Imelda Marcos, poder en la sombra | Estreno en Movistar+ La gran madrastra filipina

Imelda Marcos, en una imagen del documental. Imelda Marcos, en una imagen del documental.

Imelda Marcos, en una imagen del documental.

Recordada sobre todo por la anécdota de su inmensa colección de zapatos descubierta después de salir huyendo del palacio presidencial de Malacañán tras la sublevación popular de 1986, Imelda Marcos se nos revela en este documental como una maquiavélica y poderosa mujer detrás de su marido, el presidente y dictador filipino Ferdinand Marcos, pero también de su hijo Bongbong, nuevo aspirante al liderazgo de un país empobrecido, expoliado y amnésico desde que la familia llegara al poder en 1965.

En algunos momentos impagables de este retrato, podemos a ver a la glamurosa, ostentosa y emperifollada señora Marcos en su lujoso apartamento rodeada de Picassos y Miguelángeles, repartiendo billetitos a los niños pobres en las calles tras la ventana de su coche de lujo, rodeada de un séquito esclavizado que le retoca el pelo o el maquillaje para las cámaras o recoge los cristales y pedazos de lo que ha tirado con descuido.
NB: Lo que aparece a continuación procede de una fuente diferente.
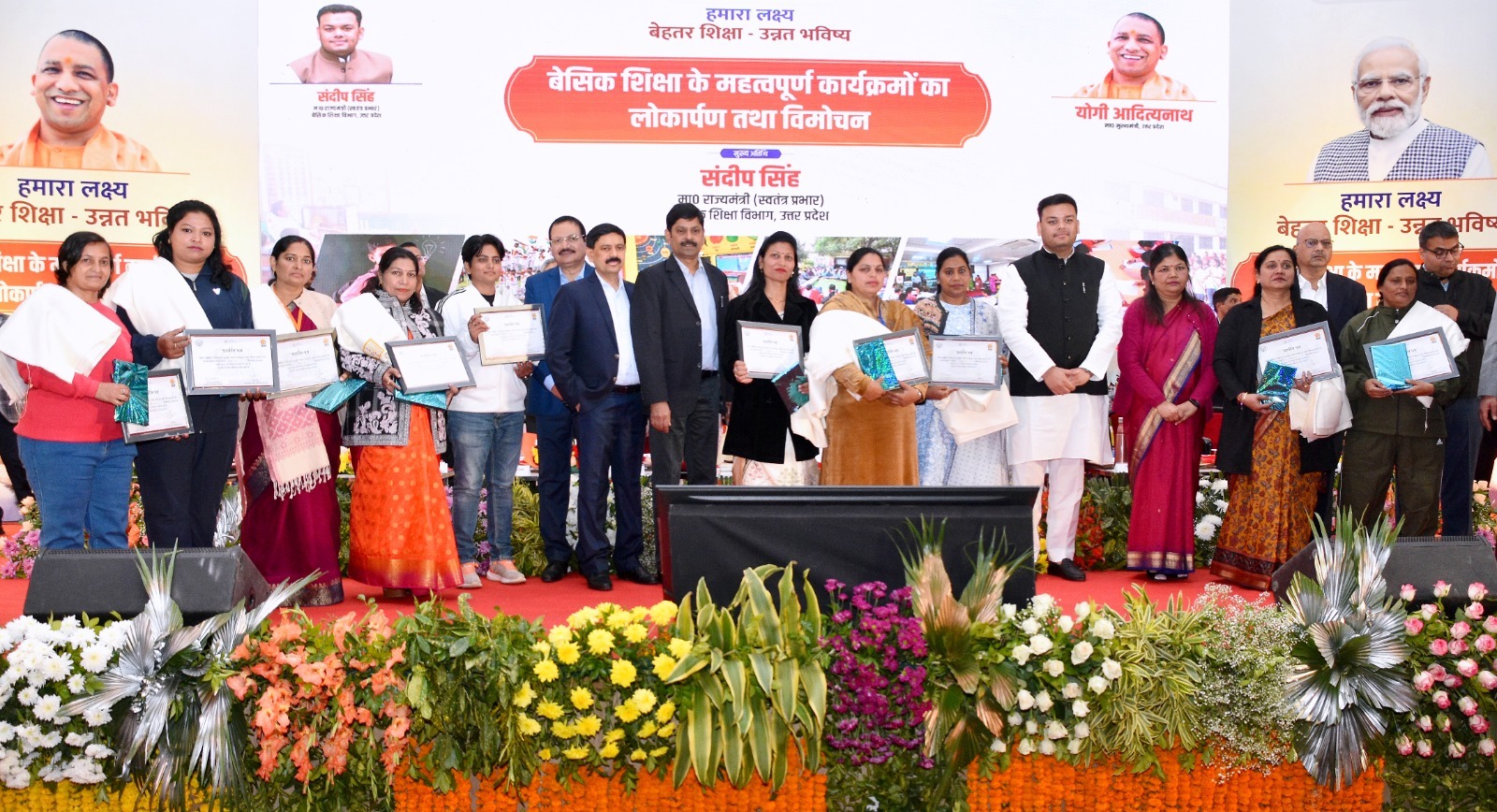 प्रमुख सचिव बेसिक शिक्षा ने बताया कि इस कार्यक्रम में राष्ट्रीय एवं राज्य स्तरीय खेलों में प्रतिभाग कर चुकी कस्तूरबा गांधी आवासीय बालिका विद्यालय की 30 बालिकाओं एवं उत्कृष्ट कार्य करने वाली 05 वार्डेन एवं 05 व्यायाम शिक्षिकाओं को भी पुरस्कृत किया गया। नयी पीढ़ी में विज्ञान के प्रति अभिरूचि विकसित करने के उद्देश्य से संचालित राष्ट्रीय आविष्कार अभियान के अन्तर्गत आयोजित प्रदर्शनी एवं प्रतियोगिताओं में उत्कृष्ट प्रदर्शन करने वाले 12 छात्र-छात्राओं को पुरस्कृत कर उनका मनोबल बढ़ाने का प्रयास किया गया। जहाँ छात्र-छात्राओं के बुनियादी भाषा एवं अंकीय दक्षता में गुणवत्तापूर्ण संवर्द्धन हेतु संचालित निपुण भारत कार्यक्रम में उत्कृष्ट योगदान देने वाले 75 प्रधानाध्यापकों एवं 76 खण्ड शिक्षा अधिकारियों को सम्मानित किया गया, वहीं विद्यालयों में व्यवहृत होने वाली विभिन्न पंजिकाओं के डिजिटलाइजेशन में सर्वाेत्कृष्ट प्रदर्शन वाले प्रदेश के 05 विकास खण्डों के खण्ड शिक्षा अधिकारियों एवं 05 जनपदों के जिला बेसिक शिक्षा अधिकारियों को भी सम्मानित किया गया। निःशुल्क और अनिवार्य बाल शिक्षा का अधिकार अधिनियम 2009 की धारा 12 (1) (सी) के अर्न्तगत निजी विद्यालयों में वंचित व दुर्बल वर्ग के बालकों का निःशुल्क प्रवेश कराने में बेहतर कार्य करने वाले 03 जिला बेसिक शिक्षा अधिकारियों को तथा बेसिक शिक्षा के विद्यालयों के आधारभूत सुविधाओं के सुदृढ़ीकरण में योगदान देने वाले 05 सी०एस०आर० संस्थाओं को भी सम्मानित किया गया।

Ella misma se autoproclama la madre de todos los filipinos, embajadora mundial de los días de esplendor del país y la mujer que sedujo a todos los mandatarios internacionales de la época de la Guerra Fría.
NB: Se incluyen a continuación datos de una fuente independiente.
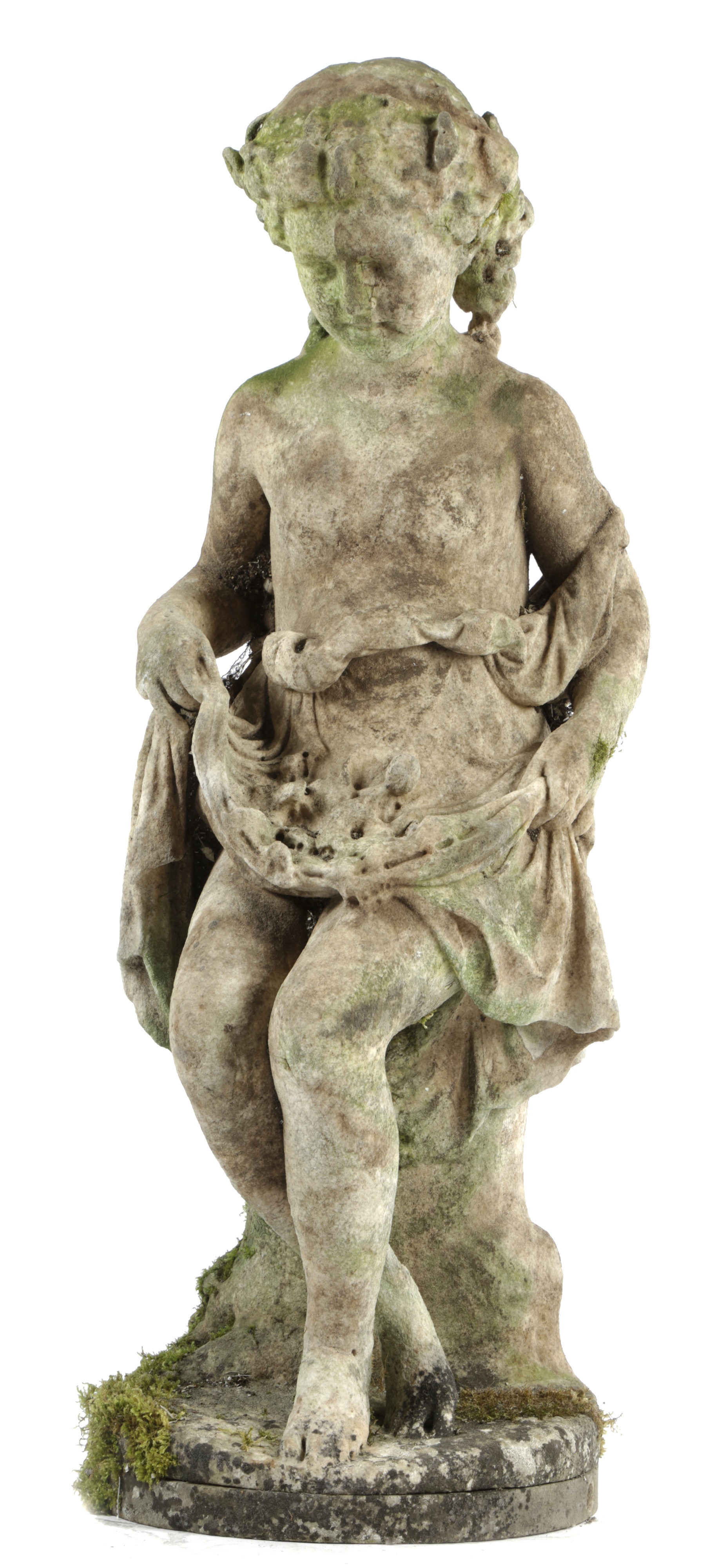 with flowers in her hair and wearing a falling garment used to carry flowers and sitting on a tree stump, the circular base with a bronze acorn shaped plug / handle to rotate on the circular pedestal, with relief florets to the frieze (2)

Se diría que estamos ante una de esas caricaturas chanantes de Joaquín Reyes, si no fuera porque la señora Marcos, a sus casi 90 años, ha sido y sigue siendo real, pieza activa, resbaladiza, intocable por la justicia y a la postre determinante en la actual configuración política de Filipinas, un país a la deriva en el que nuevo presidente, Rodrigo Duterte, también baila al son de su financiación (oculta) que tiene como objetivo último restituir y perpetuar en el poder el apellido familiar.
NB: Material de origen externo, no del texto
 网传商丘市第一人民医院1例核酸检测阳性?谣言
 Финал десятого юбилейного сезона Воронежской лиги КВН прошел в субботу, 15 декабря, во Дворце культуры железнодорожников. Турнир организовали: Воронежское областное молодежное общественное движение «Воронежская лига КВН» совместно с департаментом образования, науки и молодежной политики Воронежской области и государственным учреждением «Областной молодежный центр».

El documental de Lauren Greenfield (Generation wealth) puede verse así en esa doble vertiente del retrato de un personaje excéntrico, excesivo y autoparódico en su incontinencia reveladora, pero también como un ejercicio de denuncia explícita y directa que apunta a los abusos, la corrupción, el ejercicio sistemático de la violencia, la extorsión o el asesinato como formas para medrar en una población que no ha terminado nunca de estar a la altura de las circunstancias. Otra lección de historia más desde un rincón lejano del planeta que confirma que el populismo reaccionario, dinástico, cínico y mesiánico de las élites avanza imparable como un cocodrilo depredador bajo las aguas podridas de sistemas aparentemente democráticos.